Tuesday 8 March 2011

The Adjustment Bureau

Do you ever think that some things were just meant to be, and some not?

Well, mostly not. Yet if you're a believer in destiny then you'll at least be intrigued by the basic premise of The Adjustment Bureau. It stars Matt Damon as New York Senate candidate David Norris who, after flunking badly in the election, happens upon a chance meeting with Elise (Emily Blunt). She's in the gents toilets for reasons best known to herself, and he's talking to himself in preparation for his acceptance speech. Acceptance of defeat, that is. They're a right pair.

Within minutes they kiss. Of course they do. This kind of shit happens to me every day. Regardless, their meeting and the subsequent kiss spells trouble for both, if only they would know it. Enter The Adjustment Bureau. They wear fedora hats, and they do what it says on the tin. They make adjustments to people's lives and events so that things don't deviate too far from 'the plan'. It's all been worked out by 'the chairman'. Are you confused yet?

What you really need to remember here (as if you could forget it) is that The Adjustment Bureau will do almost anything to stop David and Elise from seeing each other again. It's just not part of 'the plan', despite the fact that they think they were meant to be together and seem to care about little else. So determined is David, in particular, that after another chance meeting on a bus he rides the same bus at the same time every day for three years in the hope of finding her, this following another irritating intervention from The Adjustment Bureau. And their hats. Remember the hats, they are important later in the film.

The great problem with all of this is that you probably won't believe that it's so important to the Bureau for David and Elise to be kept apart. They certainly don't. Not that is until the introduction of Thomspon, played by Terence Stamp, at which point it all becomes clear. Clear but still less than convincing. Surely they have caused more trouble than they have fixed with their continued efforts to keep the happy couple apart?

The ending reminded me of one of my novels.
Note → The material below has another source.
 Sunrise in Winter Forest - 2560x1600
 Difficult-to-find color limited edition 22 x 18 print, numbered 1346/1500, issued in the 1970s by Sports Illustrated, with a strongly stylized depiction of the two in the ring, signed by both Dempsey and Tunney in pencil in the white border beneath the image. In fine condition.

Stop laughing now as I tell you that I wrote two (arguably unfinished) novels a number of years ago, but what came between me and becoming the next Nick Hornby (who?) was the fact that I would set up a premise and several subsequent scenes without having any clue as to how it was going to end. It's just possible that that is what has happnened here, although this being an adaptation of a Philip K. Dick novel you might choose to buy into it. After all, Dick was a proper writer, not some journalism graduate with an hour for his lunch break.
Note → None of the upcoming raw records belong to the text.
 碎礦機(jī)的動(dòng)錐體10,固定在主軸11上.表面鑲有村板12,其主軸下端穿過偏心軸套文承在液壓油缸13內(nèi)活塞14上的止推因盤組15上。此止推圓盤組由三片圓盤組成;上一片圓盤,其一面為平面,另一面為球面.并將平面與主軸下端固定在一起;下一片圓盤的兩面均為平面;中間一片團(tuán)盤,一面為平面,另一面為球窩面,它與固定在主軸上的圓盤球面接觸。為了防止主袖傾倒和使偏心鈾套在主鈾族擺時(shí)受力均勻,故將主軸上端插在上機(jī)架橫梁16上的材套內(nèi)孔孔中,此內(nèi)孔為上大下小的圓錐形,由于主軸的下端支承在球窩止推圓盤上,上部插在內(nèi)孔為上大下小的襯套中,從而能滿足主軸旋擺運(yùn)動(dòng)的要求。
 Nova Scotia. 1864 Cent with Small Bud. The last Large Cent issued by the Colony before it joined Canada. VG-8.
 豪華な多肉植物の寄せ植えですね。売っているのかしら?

Yet to my mind the ending is rushed and unlikely, though it is difficult to criticise a film with a premise as unlikely as this for having an unlikely ending. This is sci-fi. One could question any number of events before the ending (not least of which is how a man manages to pull Emily Blunt within a minute. A minute spent talking to himself. Even if he is Matt Damon). Still, it remains an interesting concept, and could have been a great film had it been blessed with a plot with a little more substance. It should get you thinking about free will and the choices you make, but it probably won't influence them.

I'm off to finish those novels.........

2 comments:

Cath Delaney said...

Hmm see, I had said to Mr T "we could go and watch that, but it strikes me as a very poor Bourne". Glad we haven't been. There is an advantage to reading film reviews :)

Stephen said...

It's really nothing like Bourne, but that is not to say I'd recommend it too highly. I always think you should go and see stuff regardless of reviews. I don't read them to decide whether to go, I read them after I've seen the film to see if I agree.